If it’s hard to see on paper how Hippie Hippie Shake could be unreleasable, the same can’t be said for The Day the Clown Cried, for decades regarded with morbid fascination as a kind of white whale of old-guard cinema. The European-produced 1972 Holocaust drama was written and directed by goofball comic Jerry Lewis, who also stars as a German circus clown imprisoned in a Nazi concentration camp and charged with leading children into the gas chambers. Aghast testimonies from the few who saw a rough cut at the time suggest it was every bit as misguided as it sounds; Lewis himself later admitted to being “embarrassed at [his] poor work”. In a rare case of a film being suspended by its own maker rather than by studio enforcement, it has been kept under lock and key for half a century, though Lewis donated the negative to the Library of Congress in 2015, two years before his death, requesting that it not be shown for at least a decade.

Matt Damon and Anna Paquin in Margaret
Matt Damon and Anna Paquin in Margaret, which finally emerged from legal wrangling to critical acclaim. Photograph: Entertainment Pictures/Alamy

Will we eventually see the wreckage? Films buffs should be careful what they wish for. More often than not, even the most cursed productions eventually find their way to the light, and it is rarely for the best. Directed but disowned by David O Russell, the political satire Nailed had a troubled, disrupted shoot that eventually ran aground in 2008, leading to years of financial disputes. In 2014, an independent distributor bought it from its bankrupted studio, cobbled together a final cut and released it as Accidental Love, directed by one “Stephen Greene”; the result was not a film anyone would want their real name attached to.

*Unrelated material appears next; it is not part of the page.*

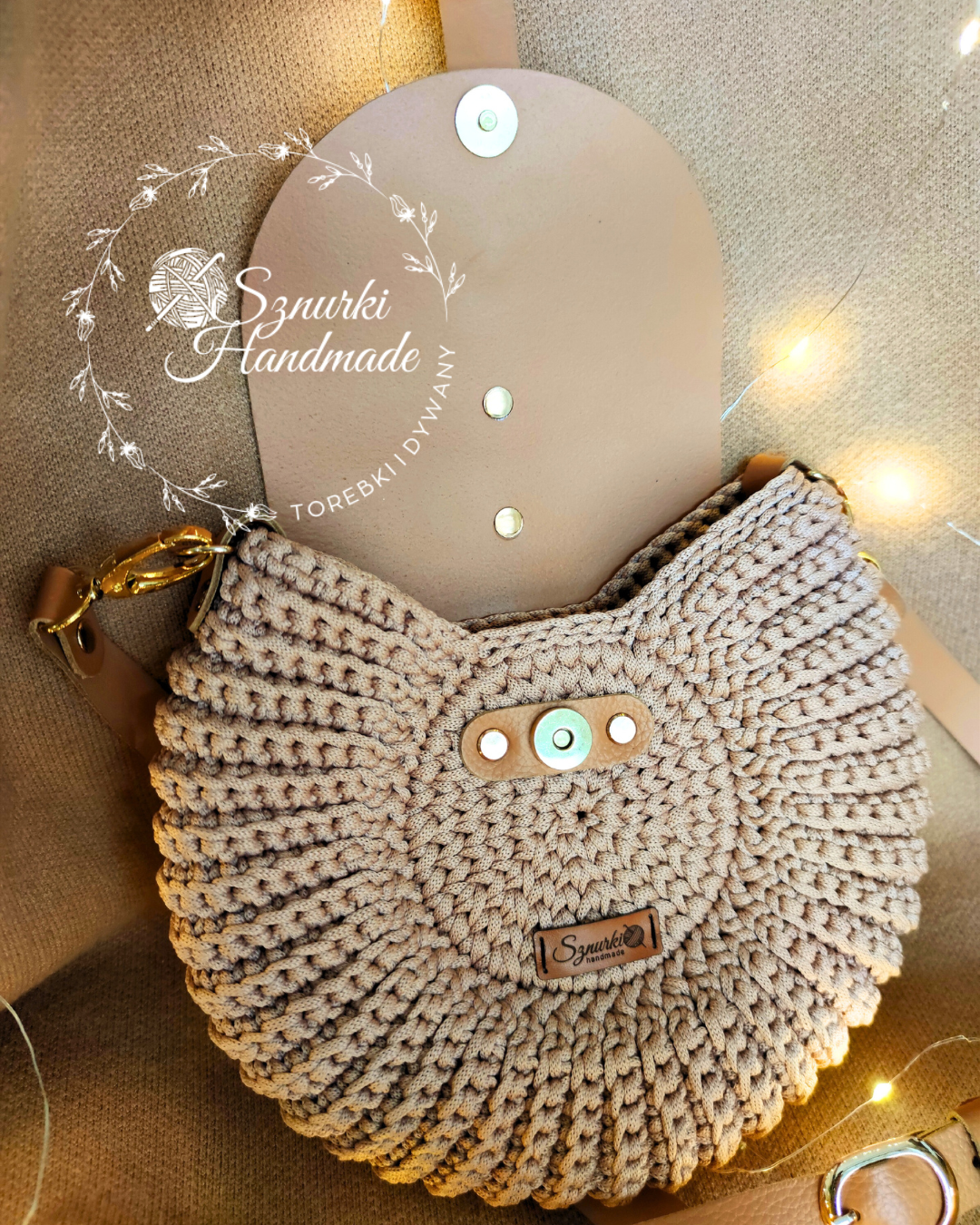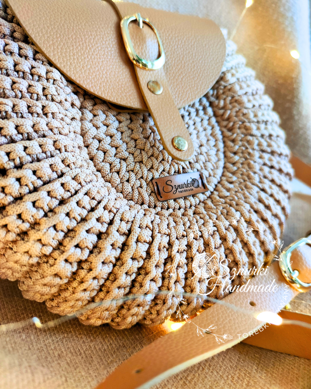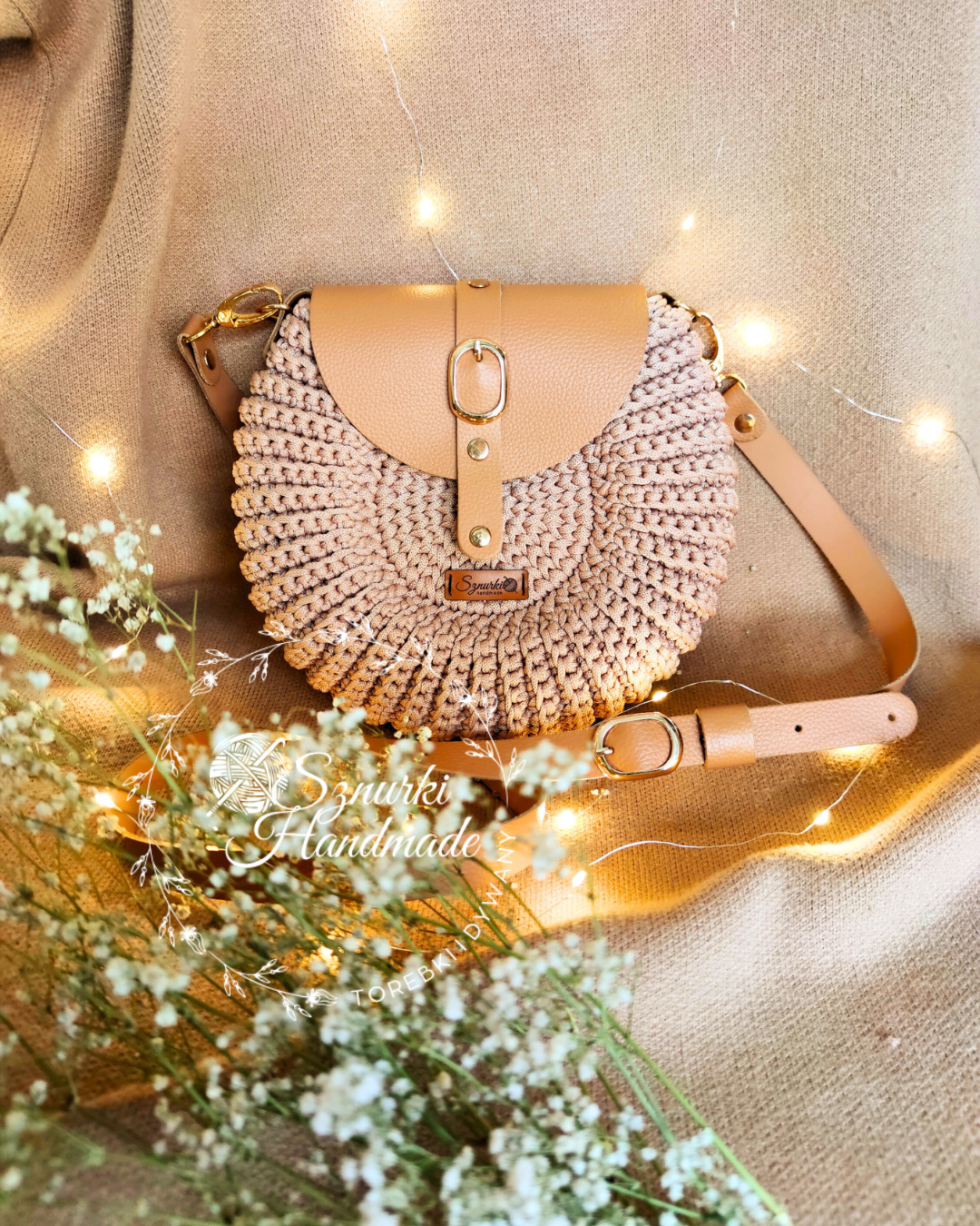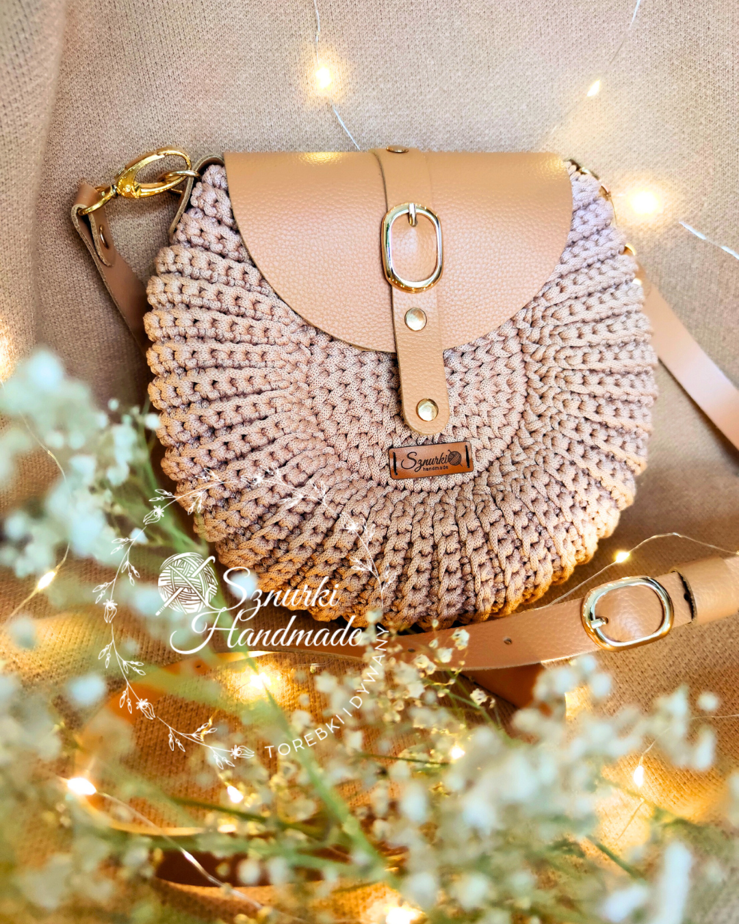 Model ręcznie szydełkowany, z elementami ze skóry naturalnej. Dobierz własne kolory! Znajdziesz je tutaj. Kolory rodzaj paska i opcję z podszewką lub bez wybierz przed dodaniem do koszyka.

The glowing exception, meanwhile, is Kenneth Lonergan’s sprawling, knotty, rather magnificent Manhattan morality drama Margaret, which sat in legal limbo for six years – with the director and studio Fox Searchlight locked in tortuous disagreement over a lengthy final cut – before it was finally freed in 2011, to critical acclaim that has only escalated over the years. At present, it seems unlikely that Batgirl – or, less likely still, Scoob!: Holiday Haunt – is in line for quite such a redemption. But such fairytales keep hope in a cutthroat industry alive.